Information provided:
+===+

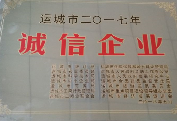 山西運(yùn)城綠康實(shí)業(yè)有限公司榮獲“運(yùn)城市二零一七年度誠信企業(yè)‘’榮譽(yù)稱號(hào)
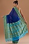 Featuring a blue handwoven saree in chiffon banarasi handloom base with zari embroidery. It is paired with an unstitched blouse. Style it with statement jewellery and heels for a wedding or festive occasion.
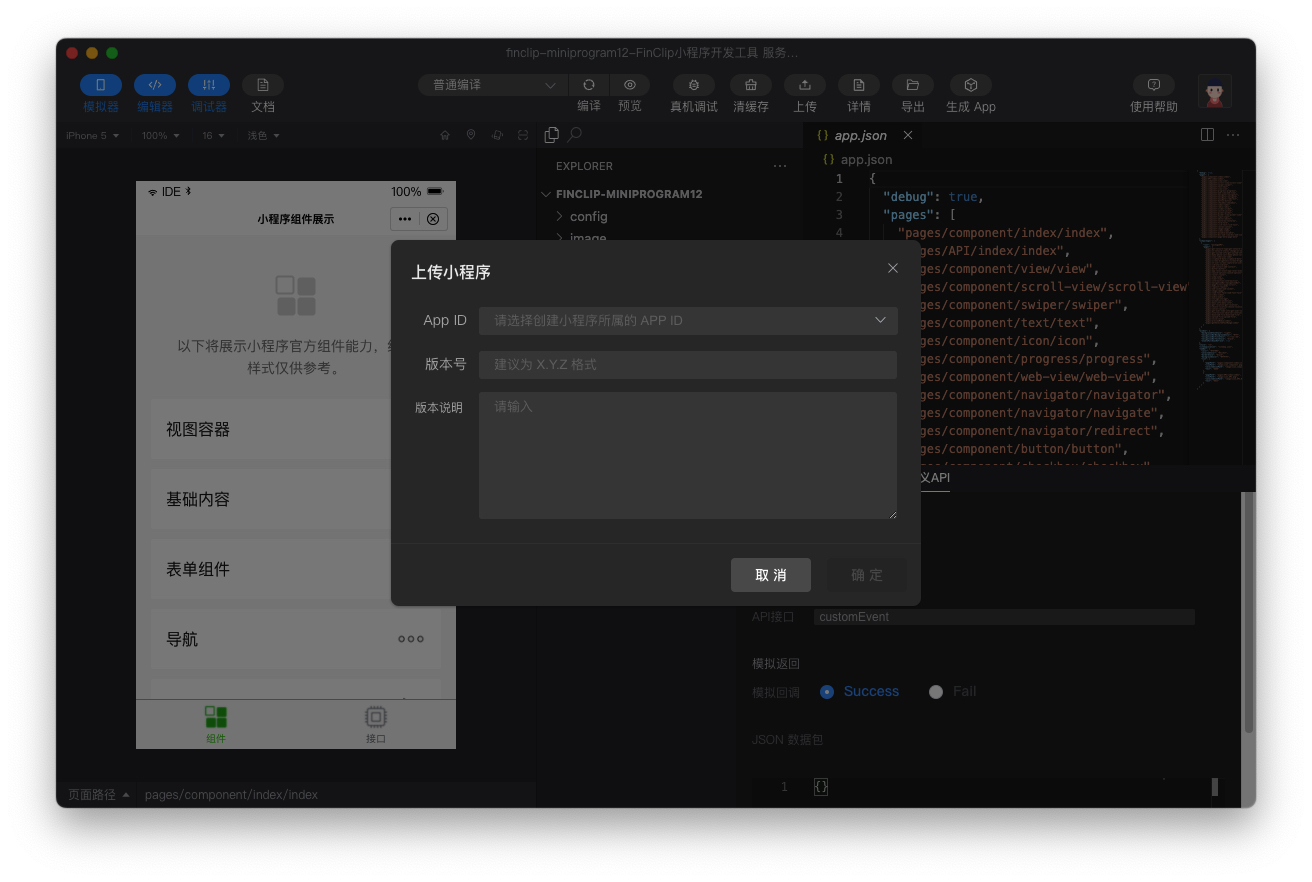登录 FinClip 账户后,点击上方工具栏中的「上传」按钮,选择对应的小程序 App ID 后输入小程序版本好与版本说明信息,可直接将编译好的小程序上传至后台。

+===+

Apart from the pictures, every line above must be repeated exactly.

Solution below:
 山西運(yùn)城綠康實(shí)業(yè)有限公司榮獲“運(yùn)城市二零一七年度誠信企業(yè)‘’榮譽(yù)稱號(hào)
 Featuring a blue handwoven saree in chiffon banarasi handloom base with zari embroidery. It is paired with an unstitched blouse. Style it with statement jewellery and heels for a wedding or festive occasion.
登录 FinClip 账户后,点击上方工具栏中的「上传」按钮,选择对应的小程序 App ID 后输入小程序版本好与版本说明信息,可直接将编译好的小程序上传至后台。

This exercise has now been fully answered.